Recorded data
--

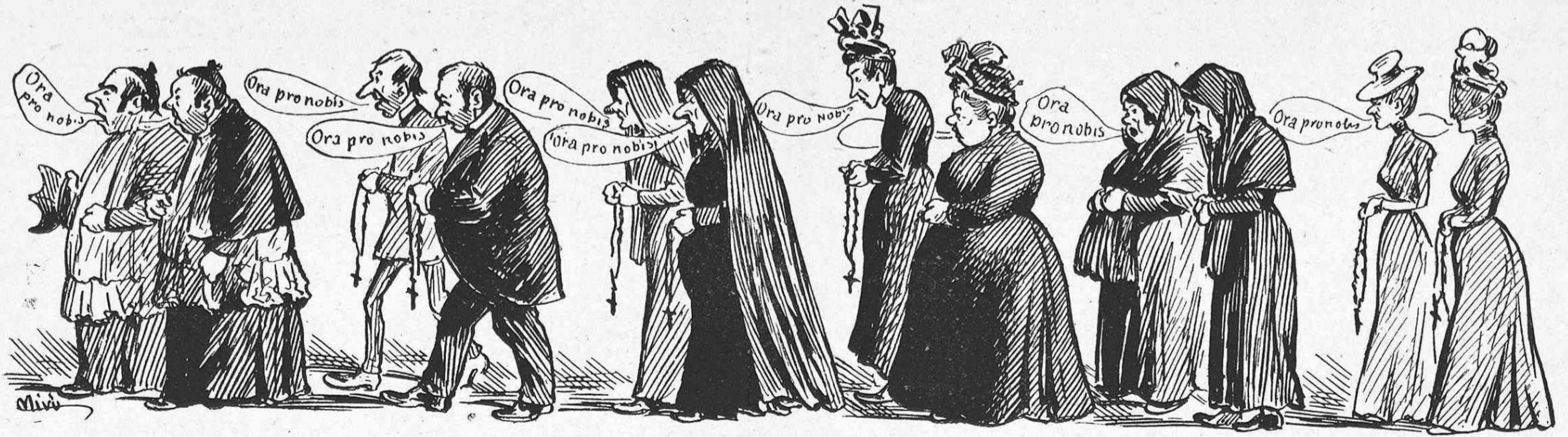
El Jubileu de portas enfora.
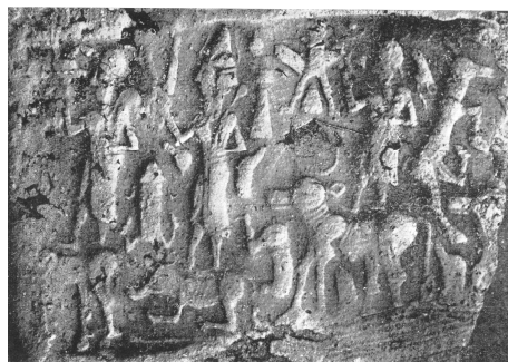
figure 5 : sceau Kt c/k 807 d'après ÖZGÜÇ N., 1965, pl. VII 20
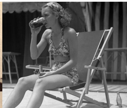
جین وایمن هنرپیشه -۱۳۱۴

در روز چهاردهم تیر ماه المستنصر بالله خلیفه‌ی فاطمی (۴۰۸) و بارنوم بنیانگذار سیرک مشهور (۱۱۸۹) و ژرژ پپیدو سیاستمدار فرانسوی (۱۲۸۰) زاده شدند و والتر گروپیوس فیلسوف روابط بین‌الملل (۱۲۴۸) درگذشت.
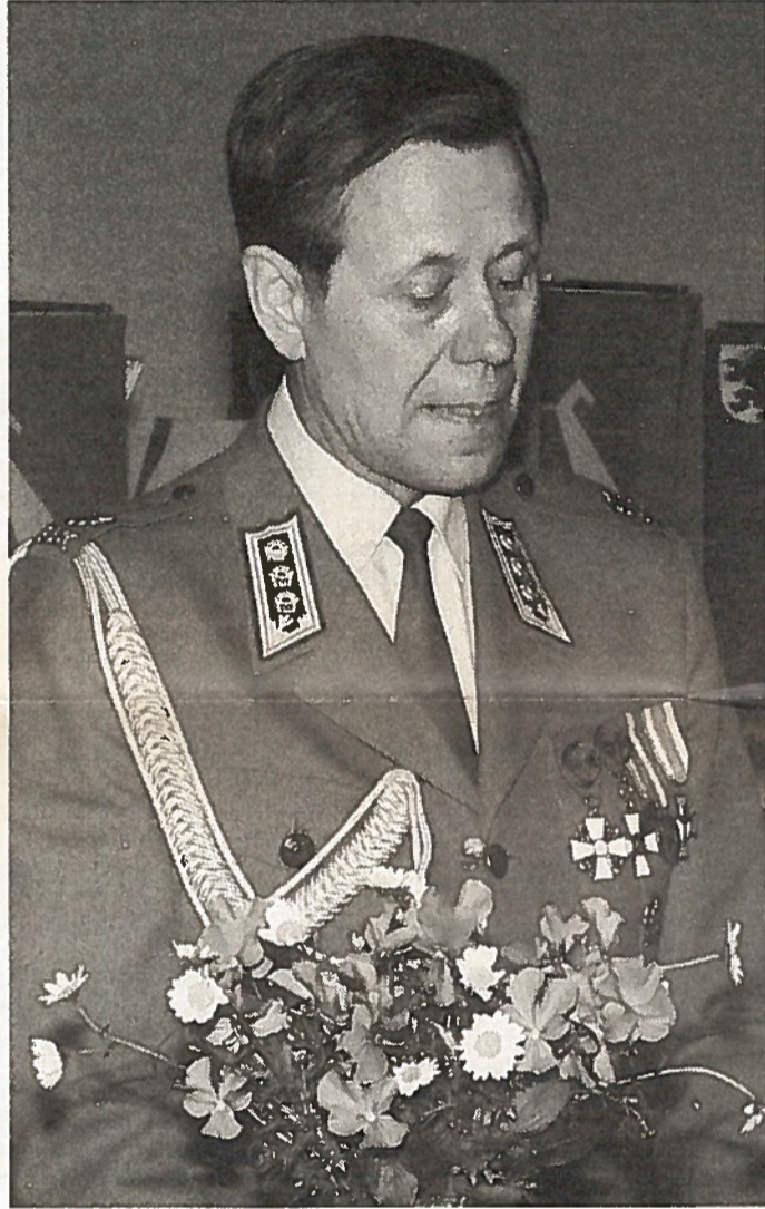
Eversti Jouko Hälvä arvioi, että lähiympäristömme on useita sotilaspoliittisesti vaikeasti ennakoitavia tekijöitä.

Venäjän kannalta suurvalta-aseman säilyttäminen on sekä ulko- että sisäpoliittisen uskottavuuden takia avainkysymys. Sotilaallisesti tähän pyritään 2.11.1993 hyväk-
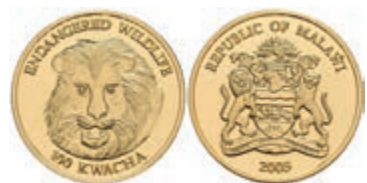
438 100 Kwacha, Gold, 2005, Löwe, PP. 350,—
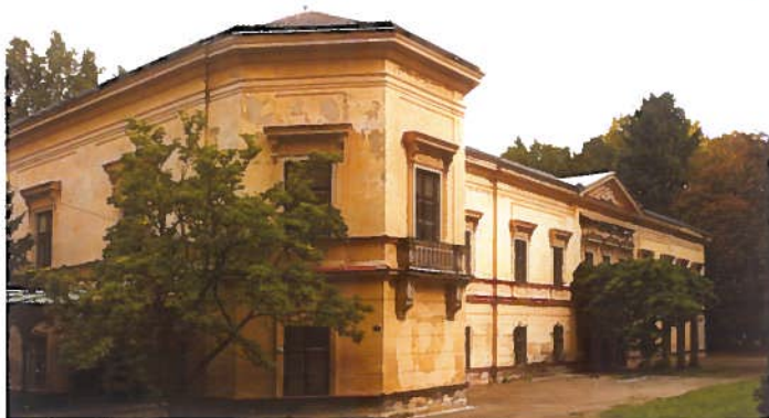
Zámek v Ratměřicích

--

Exercise instructions
Pictures aside, reproduce all of the data exactly.

Response to this task
El Jubileu de portas enfora.
figure 5 : sceau Kt c/k 807 d'après ÖZGÜÇ N., 1965, pl. VII 20
جین وایمن هنرپیشه -۱۳۱۴

در روز چهاردهم تیر ماه المستنصر بالله خلیفه‌ی فاطمی (۴۰۸) و بارنوم بنیانگذار سیرک مشهور (۱۱۸۹) و ژرژ پپیدو سیاستمدار فرانسوی (۱۲۸۰) زاده شدند و والتر گروپیوس فیلسوف روابط بین‌الملل (۱۲۴۸) درگذشت.
Eversti Jouko Hälvä arvioi, että lähiympäristömme on useita sotilaspoliittisesti vaikeasti ennakoitavia tekijöitä.

Venäjän kannalta suurvalta-aseman säilyttäminen on sekä ulko- että sisäpoliittisen uskottavuuden takia avainkysymys. Sotilaallisesti tähän pyritään 2.11.1993 hyväk-
438 100 Kwacha, Gold, 2005, Löwe, PP. 350,—
Zámek v Ratměřicích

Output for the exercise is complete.